The Reviewer Was Right
A co-worker told me a few weeks ago to stop using Claude to review Claude. “Codex is a better reviewer,” he said. I didn’t buy it. A reviewer is just a model reading a diff—why would the brand matter? If anything I expected a second model to add noise: different conventions, more findings to argue down.
He was right. It took me a while to work out why.
The Setup
I had a self-contained thing to build: a single-user outliner notes app on Cloudflare. Workers over D1, a Durable Object for live sync across devices, a React PWA. Greenfield, well-specified, mine to lay out however I wanted.
So I made it a test. Eight small pull requests instead of one big one, and one rule: nothing merges until Codex reviews the diff and I’ve fixed what it flags.
What It Found
Forty-nine findings across the eight PRs, and not one false alarm. I’ve used enough review bots that cry wolf to learn to skim them; I read every line of this one.
The Durable Object PR is the one that made me take it seriously. The DO is the single writer—every edit goes through it, gets ordered, and syncs to your other devices. I’d copied the conflict rule straight out of the spec: last write wins, keyed by a counter each client bumps. Tests green. Codex came back with twelve findings, and one was bad. Two devices both start their counter at 1, so the phone’s first edit overwrites the laptop’s. Silent. The spec said “multi-device” and I’d written something that loses data the moment you open it in two places. No test caught it because every test ran one client.
Then I swapped in a newer Codex model and re-ran a PR it had already passed. Five more real bugs the old model missed. The worst: the markdown export dropped block IDs, so export your notes, import them back, and every link between them is gone—in the one feature whose whole job is not losing your notes.
So my co-worker was right.
The Pattern
What nagged at me was that every PR was green when I sent it. Typecheck clean, tests passing, my own read fine. And every one came back with real defects. Whatever “done” felt like to me, it wasn’t.

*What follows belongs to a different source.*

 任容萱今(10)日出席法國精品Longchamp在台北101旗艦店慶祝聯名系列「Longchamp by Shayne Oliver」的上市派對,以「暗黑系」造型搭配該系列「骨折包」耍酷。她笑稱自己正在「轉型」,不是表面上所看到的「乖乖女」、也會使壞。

Around the fourth PR I started keeping a list of what Codex caught, and the list got repetitive:
- I’d guard one path and forget its twin—check
moveBlockbut notupsertBlock, sanitize the import but not the export. - I’d build exactly what a sentence said and miss what it was for. The counter. The export.
- I’d handle the normal case and skip the crash, the reconnect, the two-clients-at-once—which is most of what a sync engine does.

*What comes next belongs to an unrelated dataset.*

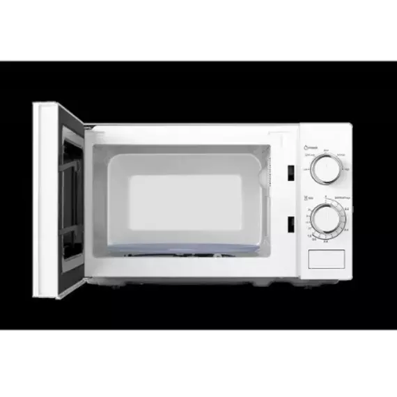 Stylish yet simple to use microwave to compliment any kitchen Feature Mechanical knob function 6 Microwave power levels Defrost function 35min Cooking timer Door safety lock Features: Mechanical knob control Without grill function Matte black design White painted cavity 6 microwave power levels 35mins cooking timer Defrost function Door safety lock Cooking end signal Specifications: Size (L): 20 Control Type: Mechanical Open Type: Push Button Function: Solo Defrost: Yes Digital clock; N/A Timer: 30 mins Power level: 6 Colour Front: White + Black Housing: White Knob: White Handle/button: White Door Glass: Black Cavity: White Dimensions Dimensions (W×D×H)|(cm): 9.5 x 17 x 11.5 Packing dimension (mm): 466 x 362 x 268 Gross weight (kg): 10 Net weight (kg): 9,5 Turntable size (mm): 245 Power Supply Voltage: 230V Frequency: 50Hz Microwave power (W): 700

Same three mistakes, different files. And most of them a script could catch with no model at all: a write path that skips the shared check, a fetch to a host that isn’t on the allowlist, SQL glued together with string concatenation.
Turning Feedback Into Rules
So I stopped reading Codex’s output as feedback and started copying it down as rules.
Two of them. One is a checklist the model has to go through before it commits: every place an invariant holds, not just the one in front of you; the bad value for each new input and where it gets rejected; the mirror of every operation—import/export, create/delete—handled the same; the crash and the reconnect; one test that tries to break an invariant instead of confirming the happy path. None of that is news to anyone who’s shipped code for a year. The model just won’t do it unless you make it, every time.
The other is a small linter for the mechanical stuff—interpolated SQL, an off-allowlist fetch, a write path missing its guard—that blocks the commit when something trips. There’s nothing to argue with; it’s the same bugs Codex kept finding, written down as checks. The linter runs first and for free, so Codex isn’t spending a model on “you forgot the other case” anymore.
How It Landed
I pulled both out of the one repo. The checklist lives in my global config now and loads everywhere. The linter became an engine with rule packs—TypeScript, React, Cloudflare Workers, Python, Rails—and a repo turns it on by naming its stack; a new language gets a new pack the next project inherits. Open a repo that hasn’t turned it on and it nags me.
Then I put the linter into the notes repo, and the rules I wrote for it are just the bugs from the build: every write to the blocks table has to call the containment check, every render has to go through the sanitizer. Codex found those by hand, eight PRs running. Now they fail before a review starts.
It wasn’t clean getting here. For one whole afternoon the Codex CLI kept handing me review findings for a Ruby project I don’t work on, while I was staring at TypeScript, and I lost real time before I traced it to a cached session and forced it into a fresh sandbox.
Why a Different Model
The reason a different model reviews better is dumb once you say it out loud: Claude reviewing Claude has Claude’s blind spots. Same training, same instincts, same places it’s confidently wrong. Codex isn’t, so the second opinion I’d written off as noise was the thing that made the first one worth trusting.
The forty-nine bugs were worth catching. The checklist and the linter are doing the boring half now—Codex still finds things, just fewer of the dumb ones.